It seems written in curving steel that Gehry's increasingly ubiquitous twisting, bristling and arched forms will be recognized as the stylistic signature of our era, just as we recognize the period of Wright, Wren or Michelangelo. Gehry's revolution, which is barely two decades old, has been far more instantaneous and global than anything these other architects saw in their lifetimes. But then again, Gehry does work next door to Hollywood.

Enter through a concrete lobby in an anonymous building fronted by corrugated sheeting a few blocks from the Pacific Ocean in West L.A. and suddenly you're in a hangar-esque space where some 200 acolytes toil at desks and tables constructed from the same cheap red plywood used for packing cases. Sitting in a shacklike office in the middle of this quarry- of-a-hundred-cathedrals is Gehry himself in a black T-shirt and jeans. "Sorry, I didn't get around to shaving this morning," he says by way of introduction--even he seems to be a work in progress.

Rising above all the cheap 'n' cheerful decor like a vision of Valhalla are two dozen gleaming models of The Very Big Things to Come, including several versions of Atlantic Yards, which, as with many past Gehry projects, is getting plenty of opposition in the form of lawsuits, protests and editorials. "Mega-blocks that are prime examples of bad urban planning" is the assessment of local City Councilmember Letitia James.

"I think the community around there is looking at what they've gotten in the past, the boxes, and they're saying, 'Oh, God,' " says Gehry. "But hopefully once they see that this is something really very different they'll be content. It'll certainly be a much more fun place than they've got now."

Fun. For all the fancy talk academics and critics use to describe Gehry's output, there's a simple truth to his work: Most of his constructions engage the man on the street. And, as anyone who has ever seen a classical music hater hanging out in Disney Hall's labyrinthine roof garden, or kids ogling Gehry's 22-foot glass fish at Minneapolis' otherwise sterile Walker Art Center, or tourists photographing each other under the giant binoculars straddling the entrance to Gehry's Chiat/Day office building in Los Angeles, fun trumps function in the public imagination.

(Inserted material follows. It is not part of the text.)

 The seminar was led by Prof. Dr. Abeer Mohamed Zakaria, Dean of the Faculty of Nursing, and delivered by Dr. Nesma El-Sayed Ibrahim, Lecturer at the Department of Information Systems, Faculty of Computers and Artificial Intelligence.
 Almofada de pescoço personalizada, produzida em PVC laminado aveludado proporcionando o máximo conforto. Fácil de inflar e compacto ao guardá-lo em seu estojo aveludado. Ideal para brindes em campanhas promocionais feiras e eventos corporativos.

And yet something serious has happened. This guy has exploded the dull forms that have crowded our cities and had induced us to accept lazy, boring or preciously minimalist constructions in the name of art and economics. With Gehry, we get to wave adieu to what Tom Wolfe memorably called the "Rue De Regret" of International Style German workers' cubes and replace our yawns with a little shock and awe.

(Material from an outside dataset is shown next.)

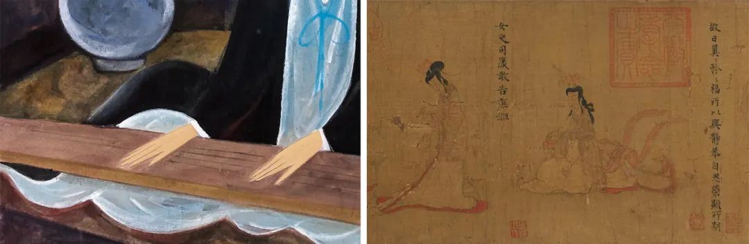 右:顾恺之《女史箴图》(唐代摹本局部),彩墨纸本,24.37×343.75 cm,约5至7世纪作,大英博物馆藏。在林风眠的《抚琴仕女》中,古琴下侧的衣裙宛如一朵祥云,承载着画中女子的灵性和神觉,恰呼应东晋顾恺之《女史箴图》中紧劲连绵、如春蝉吐丝的线描和女子裙摆如莲的体态

"A very small percentage of what's built is real architecture--something where there was an intention to make something beautiful in the most optimistic, humanistic way," says Gehry. "Most buildings are just built as boxes for money laundering. They have nothing to do with architecture.

"I like buildings under construction better than when they are finished because there's a kind of immediacy, a feeling of process, and it's accessible," he continues, glancing up at his studio's exposed ductwork and hanging insulation. "Maybe it was the casual nature of growing up in a Canadian mining town where there was nothing precious about housing, and where there was all that visible industry that makes the process more interesting than the completion."

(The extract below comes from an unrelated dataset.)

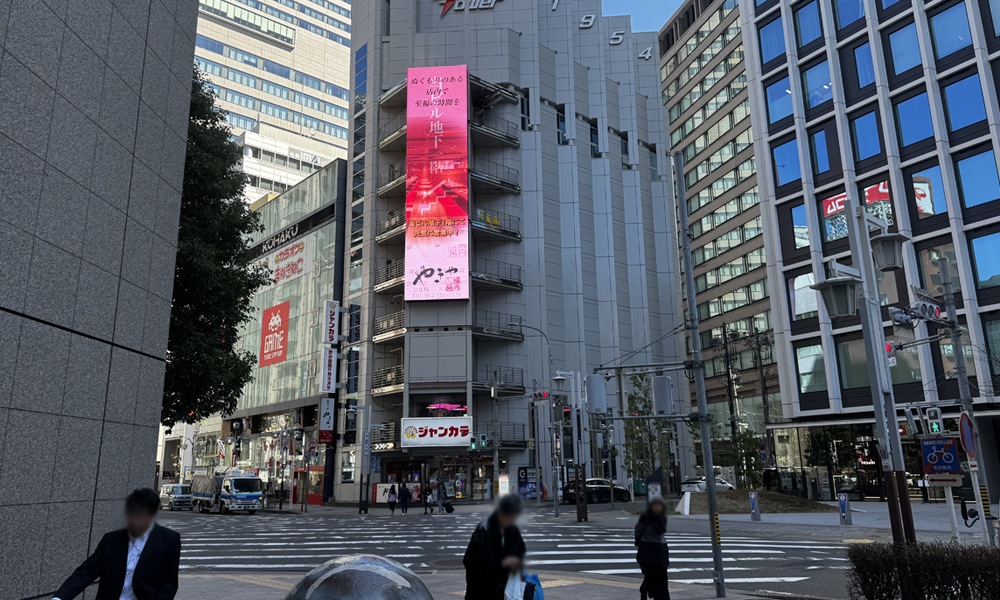 各主要鉄道名古屋駅から1~5分と多くの人が訪れる場所に設置された縦型ビジョンです。日本最大級の縦型ビジョンで3Dにも対応しており、中部地方最大級の繁華街・オフィス街として賑わっている名駅地区において、若者やビジネスマンなど多様な人流への訴求効果が見込めます。

Nearby is a pile of concrete samples littering the floor beside the Mickey Mouse dolls and other bric-a-brac. "I'm messing with a new kind of concrete," he says, handing over a trellis made from what I would have sworn--even after handling it--was wood. What does he plan to use if for? Gehry doesn't yet know. Experimentation seems to be a constant.

"I'm not doing another Bilbao or Disney Hall," says Gehry. "That wouldn't be fun. I look at doing something completely new, like building underground in Philadelphia." He shows a model of the neoclassical Philadelphia Museum of Art with a subterranean expansion of galleries that looks ready to give the above-ground galleries a run for their sunlight. "This provides a whole new challenge for me. How do you do a building that has passion without being able to see it?"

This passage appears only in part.